The Random Walk in Numbers
One of the most counterintuitive things about Brownian motion is how particles spread out over time. A particle doesn’t travel steadily in one direction. Instead, its average distance from the starting point grows with the square root of time. Double the elapsed time, and the particle has only drifted about 1.4 times as far, not twice as far. This is the hallmark of what mathematicians call a “random walk.”
In two dimensions (like a particle moving across a microscope slide), the mean squared displacement equals four times the diffusion coefficient multiplied by time. The diffusion coefficient itself captures how easily the particle moves through the fluid: it increases with temperature (faster-moving molecules deliver harder kicks) and decreases with the viscosity of the fluid and the size of the particle. A small particle in warm, thin liquid will wander much faster than a large particle in cold, thick fluid.
Brownian Motion Inside Living Cells
Brownian motion isn’t just a physics curiosity. Inside your cells, it’s a fundamental transport mechanism. Proteins, signaling molecules, and other molecular machinery rely on random thermal diffusion to find their targets. A protein released into the cell’s interior doesn’t follow a set path to its destination. It bounces around randomly until it happens to collide with the right binding partner.

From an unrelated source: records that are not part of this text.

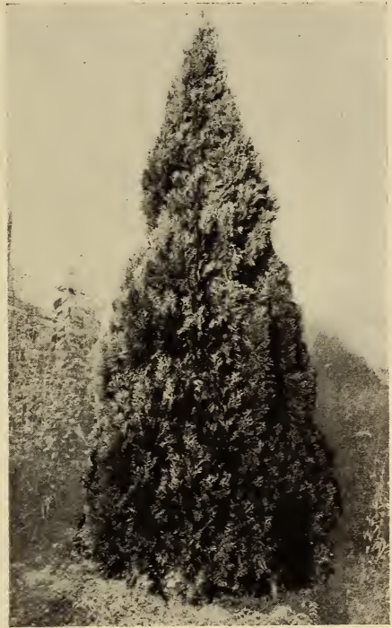
THUYA ORIENTALIS AUREA CONSPICUA

THUYA OCCIDENTALIS WOODWARDII (Woodward's Globe). A more compact and perfect shape than Globosa .
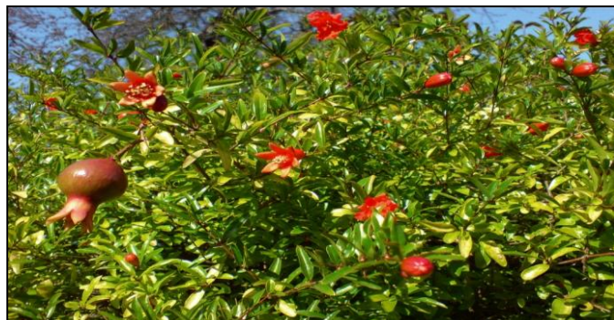
FIG. 18: PUNICA GRANATUM

A shrub or small tree grows wild in the warm valleys and outer hills of the Himalayas and also cultivated throughout India. The flowers of Punica granatum are used as anti-diabetic in Unani medicine called Gulnar farsi. Oral administration of aqueous-ethanolic extract (50% v/v) led to significant blood glucose lowering effect in glucose fed hyperglycemic and alloxanized diabetic rats with the maximum effect at the dose of 400-mg/kgbody weight 30 . Anti-oxidant activity has been described in the literature 31 .
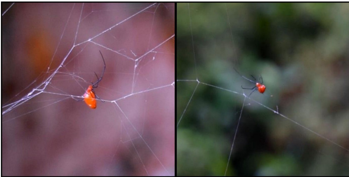
Supplemental Figure S5.— Argyrodes flavescens kleptoparasites on the webs of female A. anasuja , Waradala, Srilanka 2021.
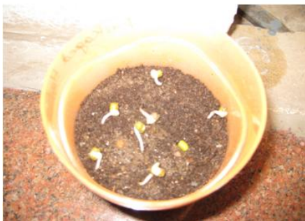
Fig.3e. Germination studies by using vermicompost and fertile soil medium
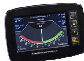
Panel mounting model
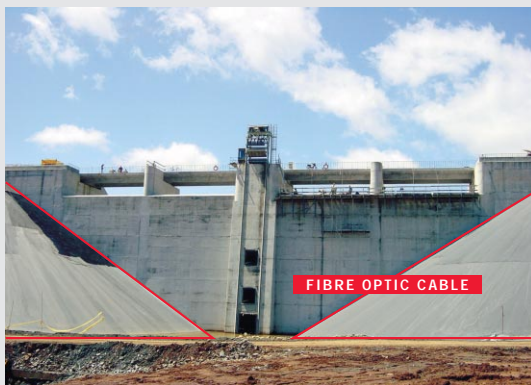
Midlands Dam, rockfill dam, Mauritius Leakage detection at the joint asphaltic facing / cut-off wall

Modern fibre optic temperature sensing methods enable temperature measurements along an conventional optical fibre of up to 110 km of length. Therefore, they are extremely suitable for the surveillance of dams, dikes and other hydraulic structures. Integrating an optical fibre already in the structure of a new construction or within the scope of a rehabilitation, the temperature can be measured readily along the inexpensive optical fibre and emerging leaks can be detected exactly.
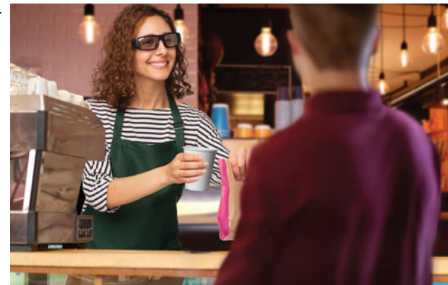
Enhancing service in retail through mobile hands-free access

The Vuzix Blade 3000 Smart Sunglasses are completely untethered, and support both wireless Wi-Fi and Bluetooth interfaces. They deliver a “hands free” digital world, providing unprecedented access to
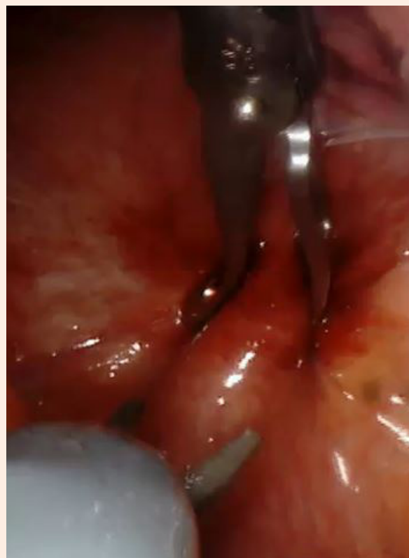
Figure 1: The distended pericardium was grasped and prepared for incision by robotic instruments.

The pleural cavity was examined, and any pleural effusion was evacuated and sent for cytology. The pericardium and phrenic nerve were visualized and the distended pericardium was grasped with forceps and incised anterior to the phrenic nerve with scissors (Figure 1). A pericardial window was created (Figure 2), and the pericardium was sent for pathological evaluation as well as pericardial fluid was collected for cytological and microbiological analysis. A single thoracostomy tube was placed in pleural cavity and connected to underwater seal drainage. The incisions were closed in layers. All patients were transferred to intensive care unit for routine 24-hour postoperative evaluation and returned to ward. The thoracostomy tube was removed when the amount of daily drainage was below 100 mL.

That said, cells don’t rely on Brownian motion alone. Motor proteins actively haul cargo like vesicles and organelles along structural filaments inside the cell, providing directed transport over longer distances. The interplay between these two modes, random diffusion for short-range encounters and motor-driven transport for long-range delivery, is central to how cells function. Research on intracellular motion has shown that the crowded interior of a cell often slows diffusion below what you’d predict from simple Brownian motion, because molecules have to navigate around organelles, structural scaffolding, and dense concentrations of other molecules.
How to See It Yourself
You can observe Brownian motion with a standard optical microscope. Lab setups typically use latex microspheres (tiny plastic beads a micron or so across) suspended in water, viewed at 40× magnification through an objective lens. At 10× you can find and focus on the particles, but 40× gives you a clear view of their erratic, jittering motion. A digital camera attached to the microscope can photograph a single particle at regular intervals, letting you track its path and even calculate the diffusion coefficient.
If you don’t have a microscope, the simplest demonstration is to add a drop of milk to a glass of water and shine a bright, narrow light through it. The fat globules in milk are small enough to exhibit noticeable Brownian motion, and with patience, you can see the scattered light flicker as particles jiggle. It won’t be as dramatic as a microscope view, but the principle is the same: tiny particles, constant molecular bombardment, and motion that never stops.